# Reversal Film to Digital



## Thisiseasy (Aug 3, 2017)

Does anyone know how to copy reversal film to digital or of any companies which can do it for me? I have about six thousand Fujichrome slides I'd like to digitize.


----------



## azeotrope (Jun 3, 2015)

You can buy or rent machines that do just that. My dad had done that years ago. I can’t be much more help than this tough. I wasn’t part of the process. He went through thousands in a weekend so the procedure was fairly quick.


----------



## John Smith_inFL (Jun 15, 2018)

yes there are many companies on the internet that provide that service.
I bought a slide & film scanner and it is a real hassle for just a hundred photos.
anything over 500 I strongly suggest a company that does this for a living.
google it and you will get a starting point for the price comparison.
you should look at a lot of the slides first to see what kind of condition they are in.
a lot of mine deteriorated a LOT since the '70s and weren't even salvageable.
this is a digital from a 1970 Fujichrome slide that I scanned myself.


----------



## joed (Mar 13, 2005)

If you are pacient you can do it with a scanner.

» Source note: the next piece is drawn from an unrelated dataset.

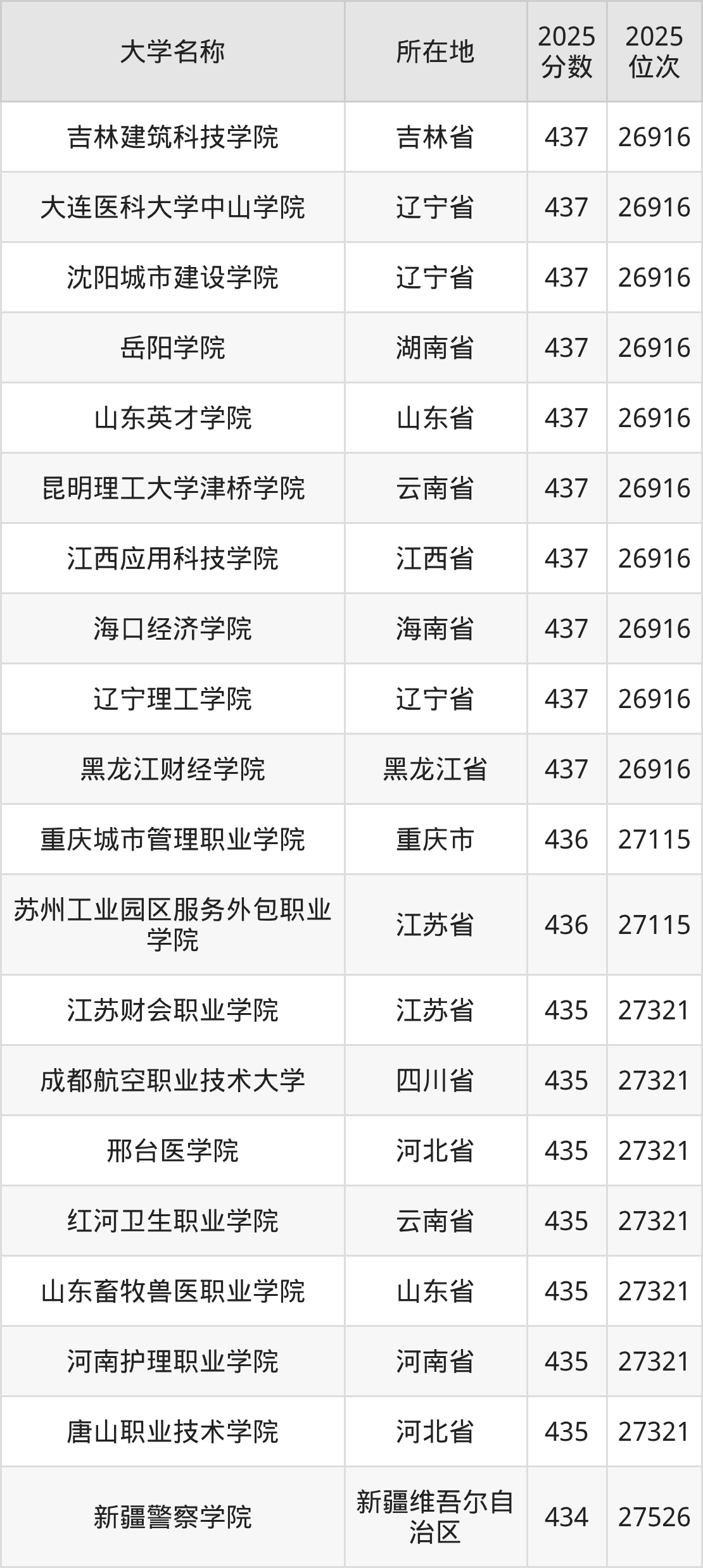小编依据圆梦志愿平台提供的全国高校在辽宁省招生录取数据,精心筛选并整理了针对2026年辽宁考生的一份重要参考:列出了2025年录取位次接近辽宁省第27000名的大学清单。

I have an Epson v600 that can do 5 at a time. But with 6000 to do that would take a long time. There are bulk slide copiers or you can send themout. There are often local guys who do it. Do an internet search. The same people that do film digitizing often do slides also, so a flim digitizing search might give better results.


----------



## John Smith_inFL (Jun 15, 2018)

Joe - that is the machine that I have


----------



## lenaitch (Feb 10, 2014)

Several years ago I had a friend scan a bunch of slides for me by using an attachment on his DSLR. It had a slot that held the slide at the correct focal point. Manual, but he made it go fairly quickly.


----------



## AllanJ (Nov 24, 2007)

Using a camera for slide or print duplication is more likely to introduce distortion or rainbowy fringes in the finished copy due to lens aberrations.

I suggest at least 3600 dpi for slides or negatives, at least 300 dpi for copying photographic prints on paper.

A lot of time is consumed inspecting each scan before going on to the next one. You might want to take a chance and not inspect during your bulk copy session. Later if you discover a scan that came out too light or too dark, do that one over.


----------